■ About this task
Word for word, set down the lines from the one that holds "中医学院杨勤教授作为教师代表" through the final line of the listing below, and exclude every picture.

■ Records for the exercise
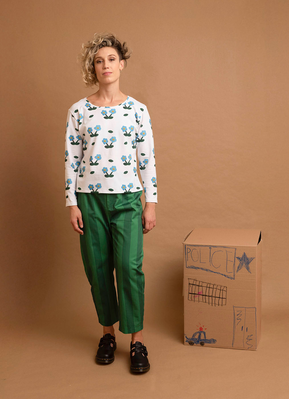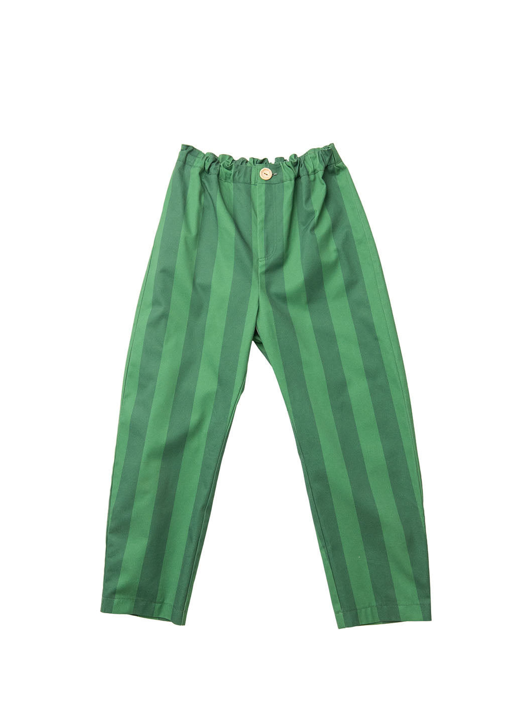 Este pantalón recto de rayas marrones es un básico creativo de la colección The Cheeky Way. Confeccionado en algodón orgánico certificado GOTS, es versátil, cómodo y perfecto para combinar en cualquier look.
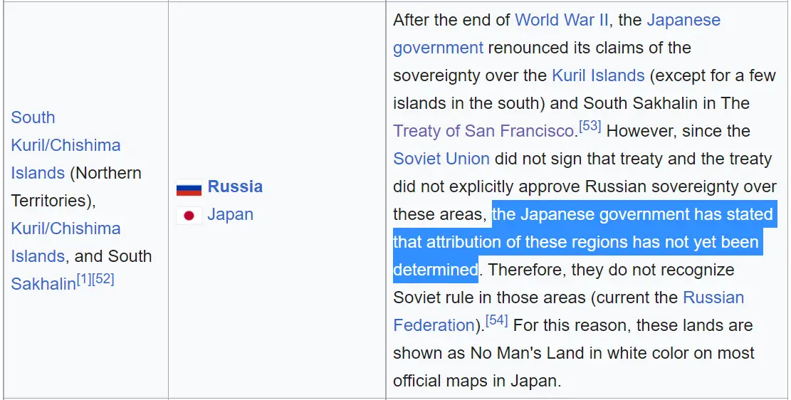 得證,國際上,無庫頁島主權未定論 or 東普魯士主權未定論。
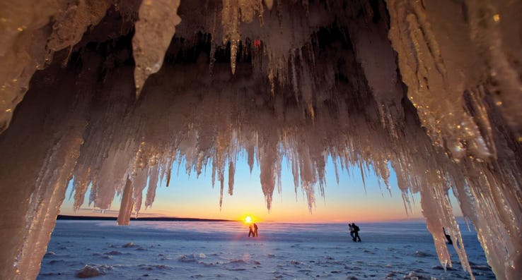 ▼美國威斯康星州,高達60英尺沙岩的「使徒群島冰洞」(Apostle Islands National Lakeshore)。
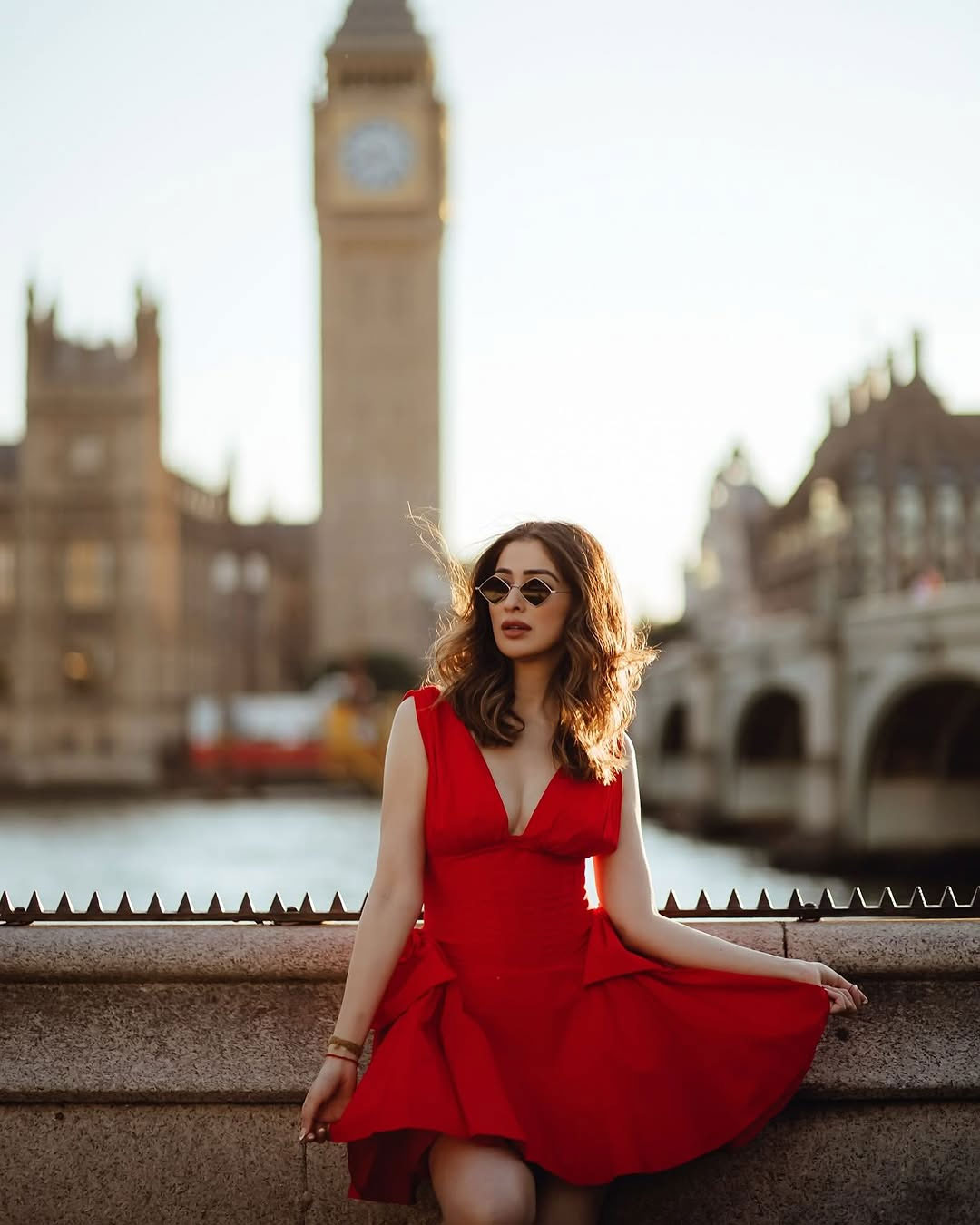 What’s nice is how relaxed she looks, like she’s not even trying to pose but still ends up looking like a postcard. The color of the outfit just pops, bold but playful. Her hair falls loose, the sand under her feet, a little smile that says she’s exactly where she wants to be. You can almost feel the warm air through the photo.
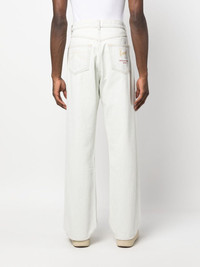 Suisen straight-leg jeans Boasting a classic straight-leg silhouette, these jeans from Kenzo arrive in a bleached light-blue wash while the colourful addition of the logo embroidery to the rear patch pocket hints towards the brand’s lively aesthetic. Highlights - Light blue - Bleach wash - Cotton - Mid-rise - Belt loops - Concealed fly and button fastening - Classic five pockets - Embroidered logo to the rear - Straight leg Made in Italy Composition Cotton 100% SIZE & FIT Model measurements Height 6 ft 2 in(1.88 m) Bust/Chest 34.64 in(88 cm) Hips 33.85 in(86 cm) Waist 27.55 in(70 cm) Measurement FRONT RISE 14.37 in(36.5 cm) INSIDE LEG 33.07 in(84 cm) HIPS 48.81 in(124 cm) FittingInformation Designed with a straight leg, these jeans allow for an unrestricted and comfortable fit over the leg Sturdy and hard-wearing, this denim piece offers no stretch This piece fits true to size – take your usual size Washing instructions Machine Wash
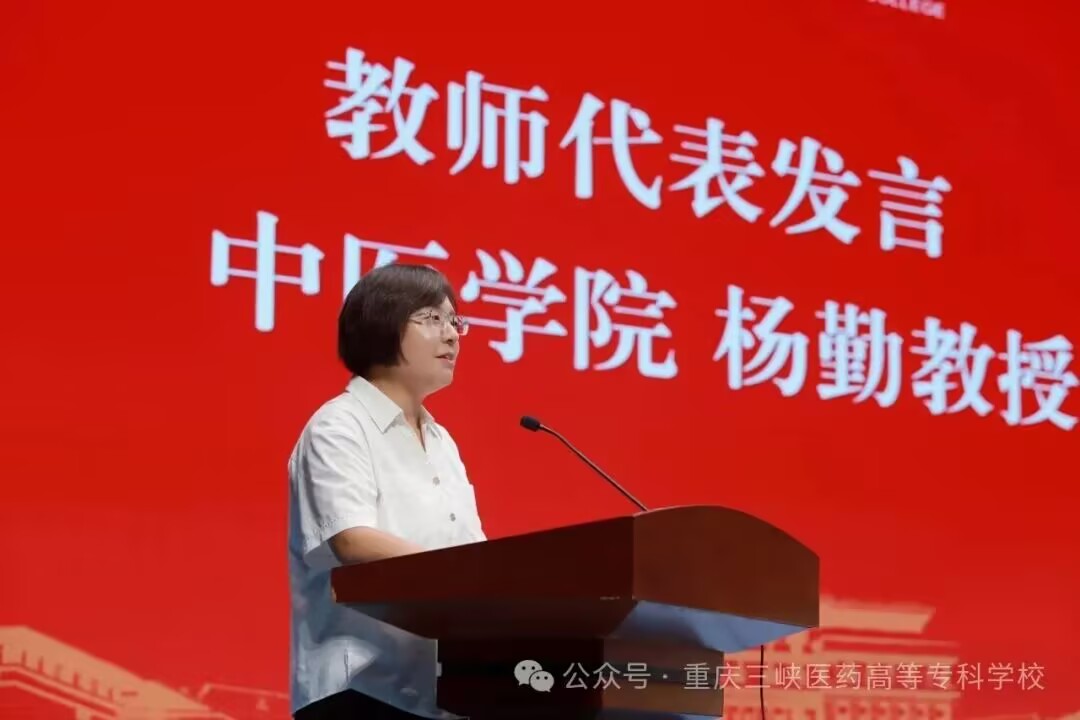 中医学院杨勤教授作为教师代表,勉励新生:要勇担使命,将个人理想融入“健康中国”建设,做有格局的医药人;要德业双修、仁心仁术,恪守医德、精进医术,做有温度的医药人;要全面发展、综合赋能,在学习之余提升综合素质,做有活力的医药人;要开拓创新、砥砺奋进,紧跟医学前沿,以锐气应对挑战,做有闯劲的医药人。她承诺全体教师将竭尽所能,为新生成长成才保驾护航。
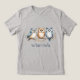 3 Chouettes Sages à l'avant et à l'arrière de cette chemise. Citations de la vie des hibou. Blues et marron. Design simple,
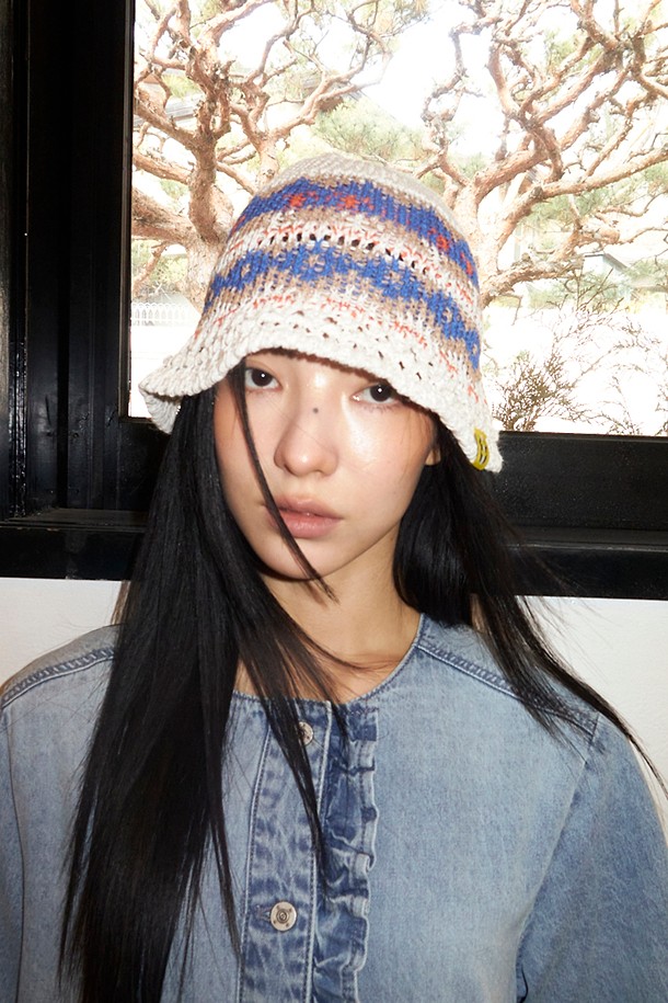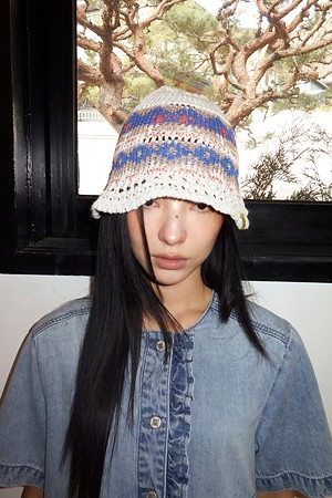 Label Point Color Mix Raffia Hat (ivory)

■ Written answer
 中医学院杨勤教授作为教师代表,勉励新生:要勇担使命,将个人理想融入“健康中国”建设,做有格局的医药人;要德业双修、仁心仁术,恪守医德、精进医术,做有温度的医药人;要全面发展、综合赋能,在学习之余提升综合素质,做有活力的医药人;要开拓创新、砥砺奋进,紧跟医学前沿,以锐气应对挑战,做有闯劲的医药人。她承诺全体教师将竭尽所能,为新生成长成才保驾护航。
 3 Chouettes Sages à l'avant et à l'arrière de cette chemise. Citations de la vie des hibou. Blues et marron. Design simple,
 Label Point Color Mix Raffia Hat (ivory)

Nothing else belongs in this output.